Nel mese di agosto 2010, è uscito il volumetto
A.A.V.V.   Pugliamondo un viaggio  in versi,  Edizioni  ACCADEMIA di TERRA d’OTRANTO  – NEOBAR,  che raccoglie i testi dei poeti che si sono esibiti ad Alessano (Le)  nella splendida cornice di Palazzo Legari nell’ ambito del l’ XI edizione del Festival internazionale  Il Montesardo organizzato con il sostegno della Regione Puglia: Franco Corlianò, Vincenzo Errico, Annamaria Ferramosca, Abele Longo, Vincenzo Mastropirro, Pierluigi Mele, Francesca Pellegrino, Pasquale Vitagliano.

Il progetto grafico e l’ impaginazione sono a cura di Nadia Esposito e Doriano Longo.

Le illustrazioni sono di Nadia Esposito.

Pugliamondo si  presenta come un gradevole tascabile sulla cui copertina campeggia in un piccolo mare una minuscola barca, quasi un guscio di noce, dotata di una grande, grandissima vela:  la vela della poesia che dalla Penisola Salentina prende il largo per  arrivare fino a noi.  Il volume si può contenere nel palmo di una mano, come l’ imbarcazione del disegno, ma la musica che ne proviene si  espande come un vento che gonfia le vele e ci conduce in un altrove incantato.

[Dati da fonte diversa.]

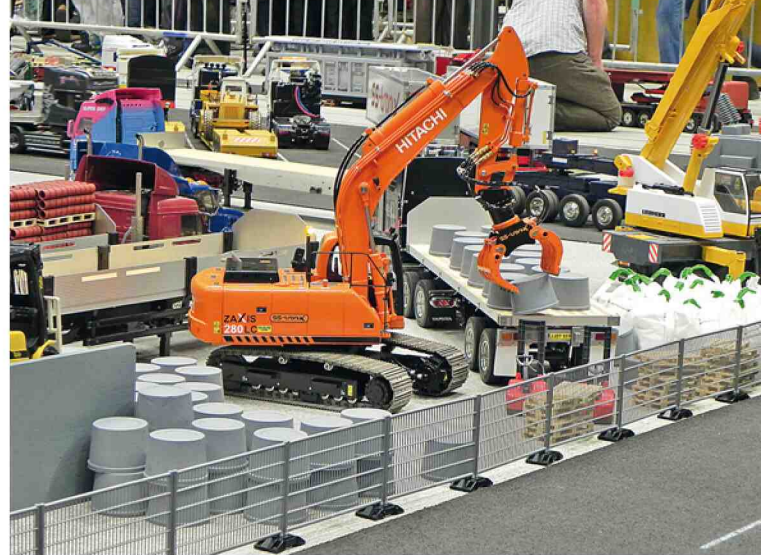
... oder so, wenn es um Geschicklichkeit geht

„gespielt“ werden und es können zusätzliche Aktionen im Wettbewerbsstil ausgeführt werden, zum Beispiel ein Belade- und Transportwettbewerb. Hier sind verschiedene Möglichkeiten in Planung, für konkrete Aussagen ist es im Moment aber noch zu früh.
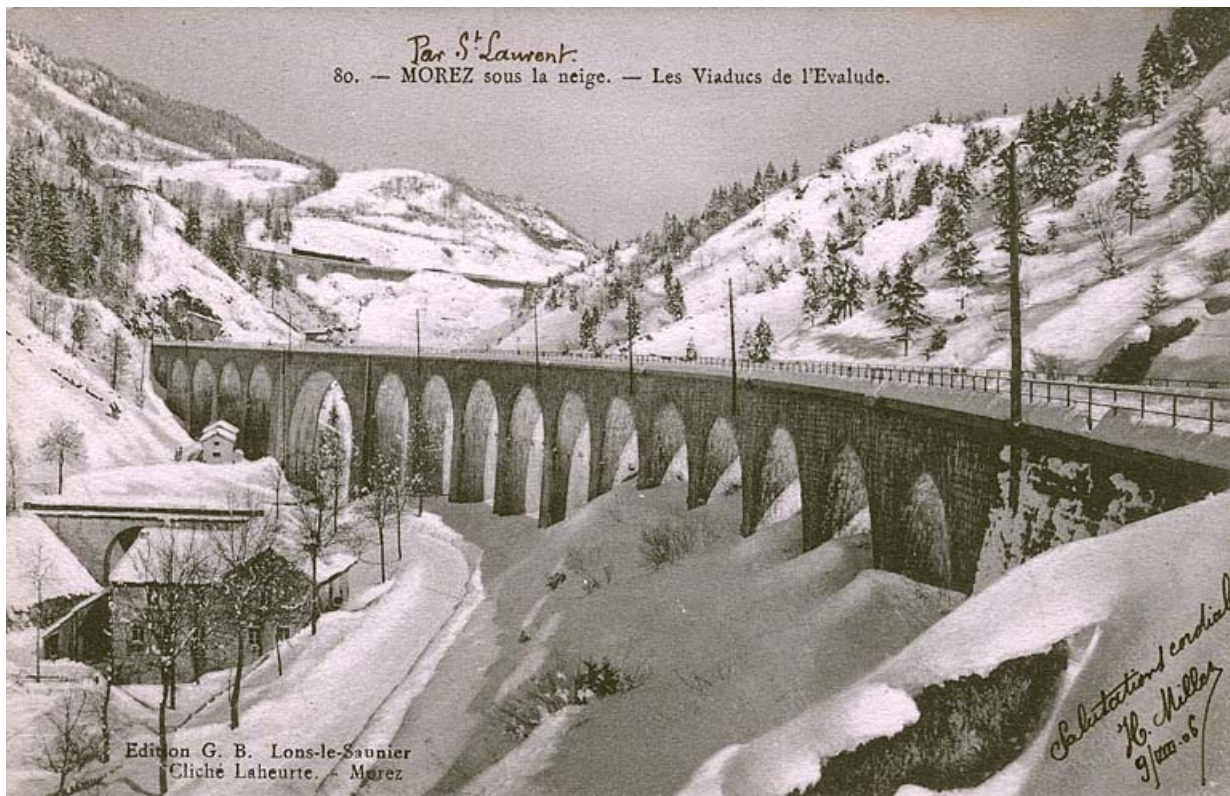
Morez sous la neige. - Les Viaducs de l'Evalude, entre 1900 et 1906.
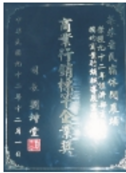
榮獲經濟部商業行銷 標竿企業獎獎牌
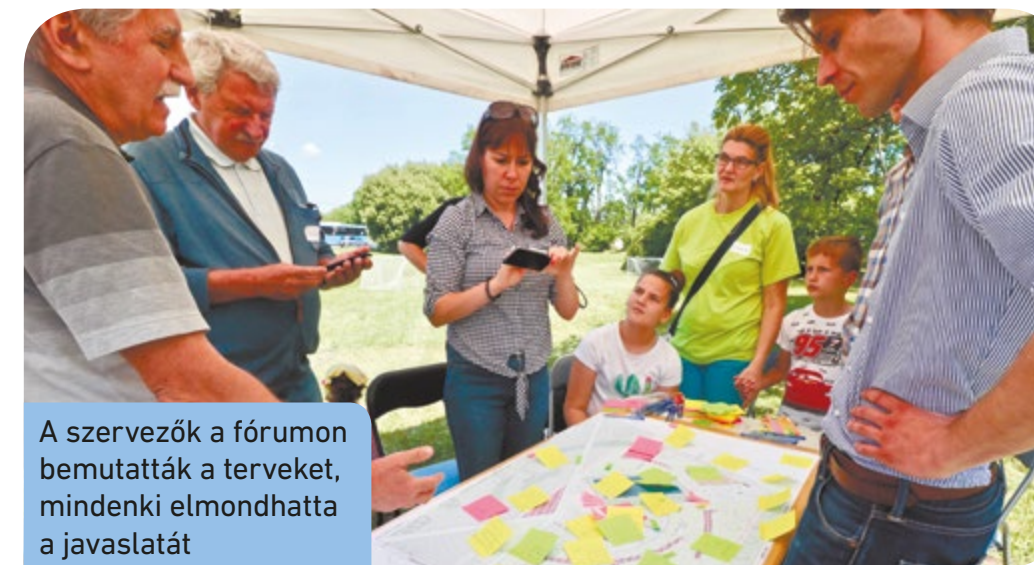
A szervezők a fórumon bemutatták a terveket, mindenki elmondhatta a javaslatát

Tervegyeztető lakossági fórumra várták június 1-jén a Tejút utca melletti park környékének lakóit. A Főkert Zrt. szabadidős zöldfelület terveit készítette el erre a területre, erről mondhatták el véleményüket a környékbeliek. Az egész napos rendezvényre a tervezett beruházás helyszínén, a Rákóczi u. – Tejút u. – Rakéta u. által határolt parkban került sor.
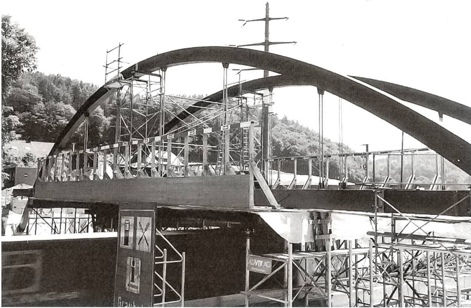
Neues Stadttor für Bern

Zuoberst auf der Kuppe der Autobahn im Grauholz wurde diese Stahlkonstruktion erstellt, die die bisherige Brücke ersetzt.
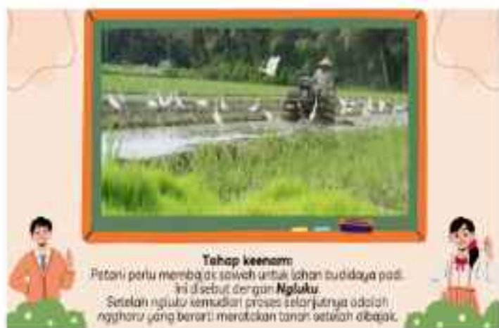
Gambar 1. Contoh muatan istilah budaya dalam video digital storytelling

Berdasarkan penjelasan di atas, dapat disimpulkan bahwa pengenalan istilah-istilah budaya yang mencerminkan kehidupan masyarakat setempat menjadi penting bagi anak-anak. Hal ini dikarenakan pengaruh globalisasi akan sangat berpengaruh terhadap penggunaan bahasa daerah di masa depan. Budaya yang tidak diajarkan melalui bahasa serta bahasa daerah yang mulai berkurang penuturnya akan membuat kekayaan budaya semakin terancam untuk tidak dikenali oleh masyarakatnya di masa mendatang. Oleh karena itu, sudah menjadi tugas kita untuk tetap menjaga kelestarian budaya dan bahasa daerah dengan terus mengajarkan dan memperkenalkannya kepada generasi penerus bangsa.
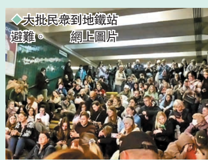
◆大批民眾到地鐵站避難。網上圖片
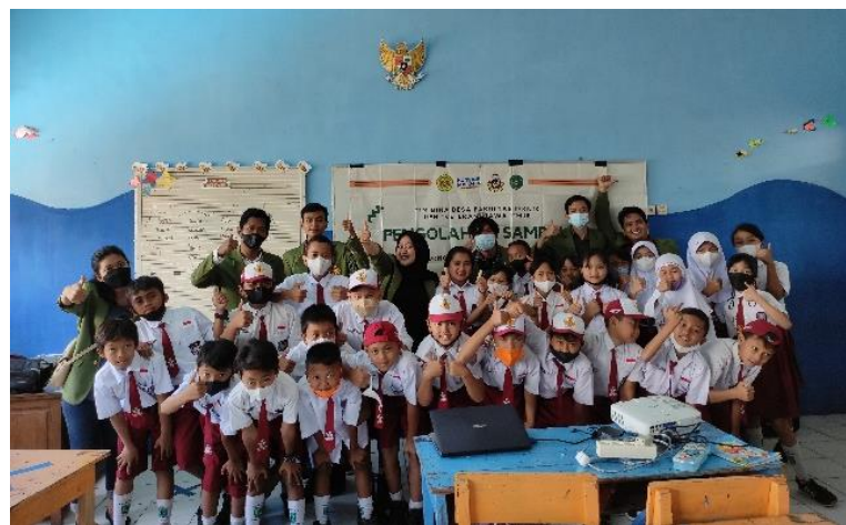
Gambar 4. Penutupan kegiatan
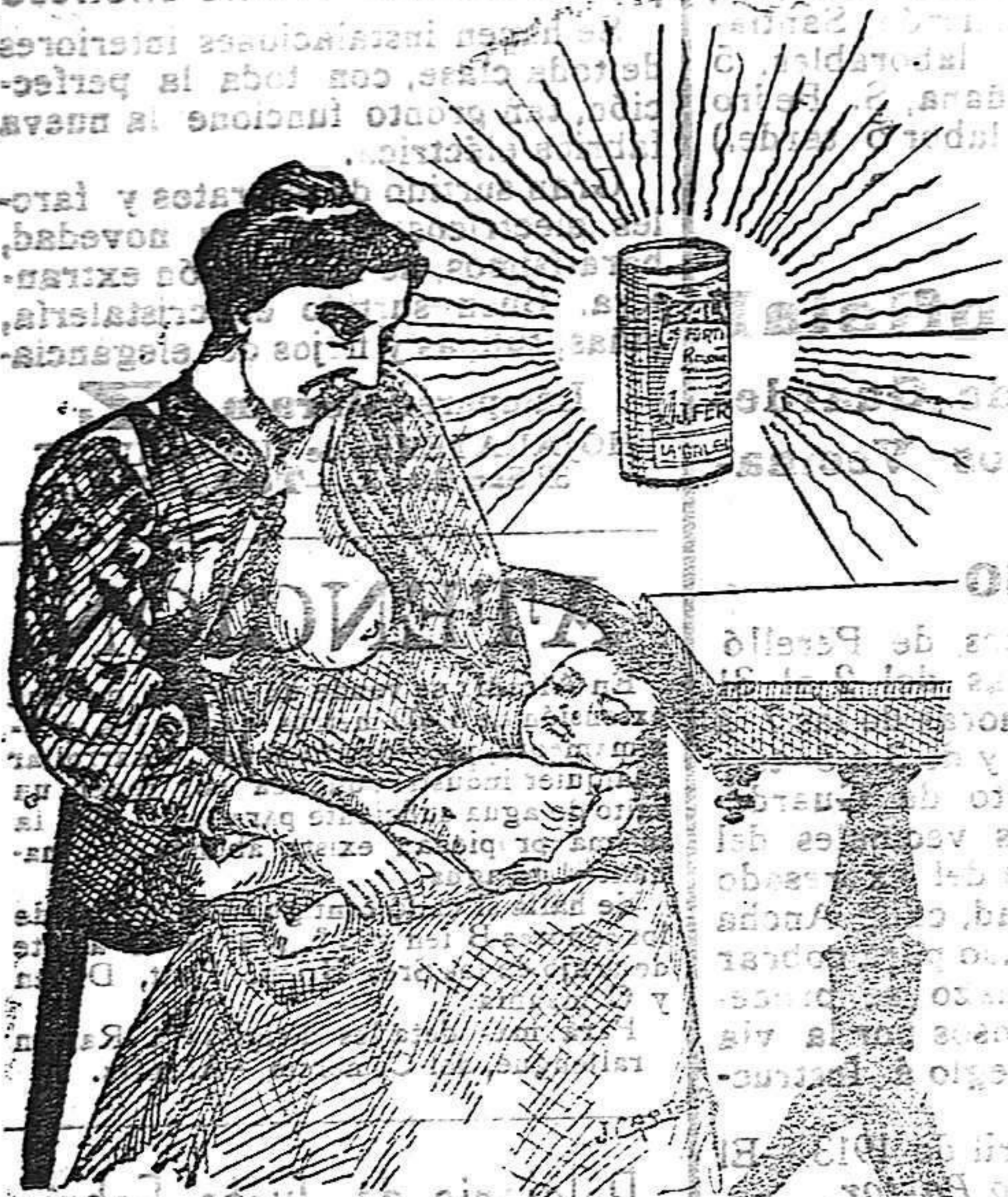
La que hizo caso del Salverol

Depósito general S. A. del Salverol en Santa Bárbara (Tarragona)
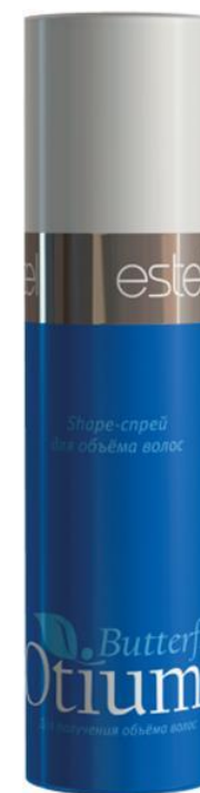
Shape-спрей Otium Butterfly Для объема волос
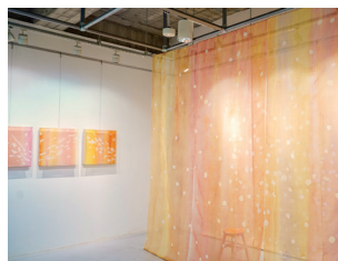
いまぶく ふみよ 「色の中の色」2023年 綿、シルクオーガンジー、植物染料

acqua di bottiglie che difendono

la soglia del tuo frainteso

assalto ch’ è solo tregua per un sonno

caldo, l’ ultimo di gatta.

Pierluigi Mele

Sembra di essere trasportati nel “vasel” di Guido Cavalcanti, Lapo Gianni e Dante Alighieri. A dire il vero, trovo che,  i poeti della Terra di Puglia, non hanno nulla da invidiare ai trovatori di Provenza, né a Dante, né a Petrarca , che di quelli furono attenti lettori, in quanto ad audacia, coraggio, cortesia, ricercatezza stilistica, rigore formale.

Cande ‘nanz ‘  a tutte

e me sènde nu domatore de canzòne.

Tuste e sènza pìetò cande canzòne all’ addavère

Canto davanti a tutti

e mi sento un domatore di canzoni.

Duro e senza pietà canto canzoni vere

Vincenzo Mastropirro

Si respira in questi versi  un’aura di autenticità e di originalità che rende ogni singolo componimento un canto in cui, nonostante non sia presente la rima,  prevale l’ oralità: un canto che sembra essere stato scritto per la recitazione e per un destinatario che deve ascoltare piuttosto che leggere.  “Trobar” significa non soltanto comporre poesie, ma anche comporre musica, inventare una melodia: nel caso degli autori pugliesi possiamo parlare di ritmi, accordi, sequenze che si sposano alle soluzioni stilistiche di ciascuno di loro, ma che utilizzano elementi  della tradizione e non  solo.

E non più PAROLE, ma

SCHIAFFI!

non è più il  tempo

delle preferenze:

Vuoi? Credo…

DICO!

Ripiomberà il tempo

sofferente del silenzio,

acclamato in delirio.

Pasquale Vitagliano

Il suono di Pugliamondo è voce  che si espande dall’ antichità ai nostri giorni, dal griko al dialetto di Ruvo ad altri dialetti alla lingua italiana, in una contaminazione feconda che abbraccia i vari stili nella concretezza espressiva  di autori che hanno con la loro Terra un legame irrescindibile, materico, sostanziale  che connota un dire mediterraneo sonoro, profondo, solare anche quando parla della morte, di un addio, della solitudine.

E penso che ognuno

ha la sua casa. Io ho la mia . E di solito non

mi sorride, né parla molto. Né sa nuotare

Resta zitta, sui silenzi che pensavo solo miei.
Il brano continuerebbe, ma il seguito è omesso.